→ **Work required**: Pictures excluded, output the lines of the data below between the one holding "The first stop" and the one holding "10:30 到达徒步起点,简", inclusive, exactly as they stand.

→ **Provided records**:
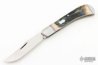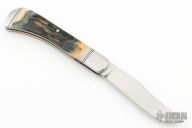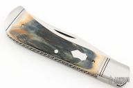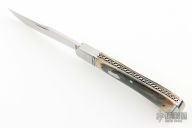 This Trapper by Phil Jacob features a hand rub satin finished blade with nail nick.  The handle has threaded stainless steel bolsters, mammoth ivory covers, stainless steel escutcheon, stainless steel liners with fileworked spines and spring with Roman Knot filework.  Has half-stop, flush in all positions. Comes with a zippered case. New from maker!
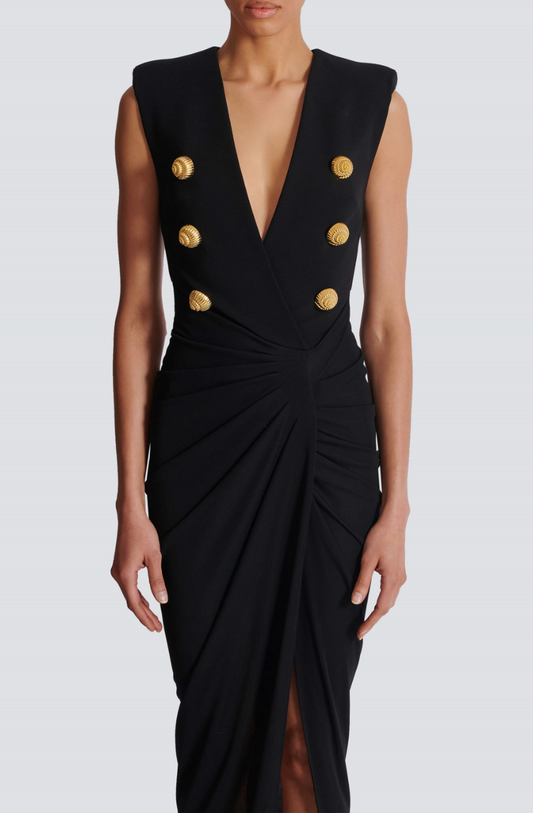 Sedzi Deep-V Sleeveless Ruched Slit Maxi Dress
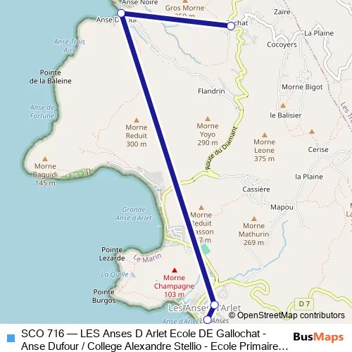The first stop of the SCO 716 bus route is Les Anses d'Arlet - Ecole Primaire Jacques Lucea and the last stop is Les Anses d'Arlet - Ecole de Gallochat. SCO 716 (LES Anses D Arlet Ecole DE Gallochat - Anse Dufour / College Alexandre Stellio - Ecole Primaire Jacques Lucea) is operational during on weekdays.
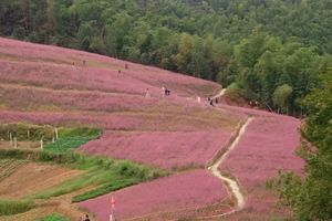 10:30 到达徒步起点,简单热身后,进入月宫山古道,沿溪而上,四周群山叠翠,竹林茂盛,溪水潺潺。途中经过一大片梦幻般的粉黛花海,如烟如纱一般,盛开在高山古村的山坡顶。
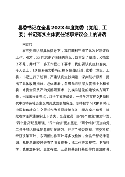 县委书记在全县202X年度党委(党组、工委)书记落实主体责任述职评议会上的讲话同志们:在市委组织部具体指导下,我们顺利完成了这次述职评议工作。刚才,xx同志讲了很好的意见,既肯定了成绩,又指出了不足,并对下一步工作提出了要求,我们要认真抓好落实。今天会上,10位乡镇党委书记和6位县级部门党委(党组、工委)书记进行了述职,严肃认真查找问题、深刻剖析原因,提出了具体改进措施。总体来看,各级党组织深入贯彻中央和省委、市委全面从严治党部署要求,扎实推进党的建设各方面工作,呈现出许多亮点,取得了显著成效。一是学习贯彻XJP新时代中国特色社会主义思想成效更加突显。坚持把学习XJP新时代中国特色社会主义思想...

→ **The answer**:
The first stop of the SCO 716 bus route is Les Anses d'Arlet - Ecole Primaire Jacques Lucea and the last stop is Les Anses d'Arlet - Ecole de Gallochat. SCO 716 (LES Anses D Arlet Ecole DE Gallochat - Anse Dufour / College Alexandre Stellio - Ecole Primaire Jacques Lucea) is operational during on weekdays.
 10:30 到达徒步起点,简单热身后,进入月宫山古道,沿溪而上,四周群山叠翠,竹林茂盛,溪水潺潺。途中经过一大片梦幻般的粉黛花海,如烟如纱一般,盛开在高山古村的山坡顶。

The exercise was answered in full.